MCM2 immunostaining is linked to lower survival rates in astrocytomas with grade II. However, there is no evidence to suggest that Mcm2 immunostaining is superior to Ki67/MIB-1 in human astrocytomas. There are some trends that suggest lower survival rates for patients with high levels of Mcm2. To confirm Mcm2's role in cancer, more research is required.
Boster Bio's ELISA Kit MCM2 uses an IHC optimized polyclonal antibody. This allows researchers to detect multiple biological markers at picogram-level sensitivity. Boster Bio's antibodies include more that 12,000 antibodies that have been tested for use with cell-based assays WB, Flow, and. To ensure high affinity, these antibodies have been thoroughly tested against 250 tissues. Boster Bio's ELISA kit is equipped with advanced immunogen technologies such as Picoband or Supervision. These tools let researchers quickly and effortlessly conduct quantitative testing using their antibodies against a range of cell lines or tissues.
The MCM2 Cell Based ELISA Kit can detect MCM2. Researchers can analyze the effects of various stimulation conditions on MCM2 expression in various cell lines. Anti-MCM2 antibodies are able to capture the protein and are recognized by HRP-conjugated primary antibodies. Secondary antibodies are conjugated with HRP enzymes in order to initiate the colorimetric reaction. The MCM2 Cell-Based ELISA Kit also offers a variety of normalization methods.

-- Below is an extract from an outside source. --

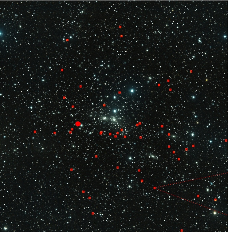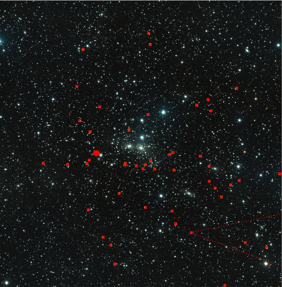 Positions of dark galaxies (red squares) around Coma cluster and the position of the centre of the dark structure (red dot) from where the dark objects seem to come out and flow following the structures of the hidden world.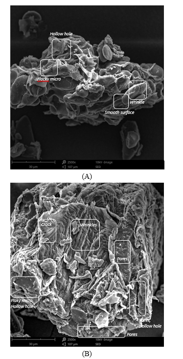 In the observation using Scanning Electron Microscope (SEM), the morphology of Z. zerumbet powder without blanching treatment (Figure 1(A)) showed a relatively intact structure with minimal cell wall damage. Flaky micro-particles were identified, which are microscopic fragments formed due to slight cell wall breakage. These particles may have resulted from structural changes during the drying process of the rhizome, leading to cracking or detachment of cell wall components. Additionally, ridges or protrusions on the cell walls were observed, indicating that the structural integrity of the material remained well-preserved. The particle surfaces appeared mostly smooth, suggesting that the powder of the rhizome without blanching pretreatment did not undergo significant deformation, causing bioactive components to remain trapped within the intact cellular structure, thus slowing their release.

The results of this research support the theoretical model that the antibody attaches to the cell's surface. This model is the basis for more effective therapies and timely quantitative imaging probes. While the findings of the study are not conclusive but these findings are in favor of the theoretical model. This model could be used as a base for accurate ELISA testing, if further refined. It can also be used to track antigen expression in different cancer cells.
Two monoclonal monoclonal antibodies are employed in sandwich assays. They have different epitopes. The first antibody is responsible for removing the protein from the sample, while the second antibody provides the signal that shows the presence of the target. Sandwich assay is highly sensitive and has many benefits. A standard curve can be used to analyze the signal from a single sample.
The VHH26 Clone was fully active in ethanol, 0.5% 2-ME, and 0.5 M GuHCl. It was capable of detecting gliadins from samples that were previously rejected by conventional ELISA methods. This antibody is a good platform for quantitative protein determination. It is compatible with a variety of other antigens.
The Antibody used in the Boster Bio's MCM2 Cell Based ELISA Kit is made in the laboratory from an anti-parvalbumin-like polyclonal antibody. It is extremely specific for the southern hemisphere fish and shows strong phylogenetic ties with the antibody. However this anti-parvalbumin antibodies might not be sufficient to identify fish species.
PMID: 8175912 by Todorov I.T., et al. A human nuclear protein with sequence homology to a family of early S phase proteins is required for entry into S phase and for cell division.
PMID: 8258304 by Mincheva A., et al. The human gene for nuclear protein BM28 (CDCL1), a new member of the early S-phase family of proteins, maps to chromosome band 3q21.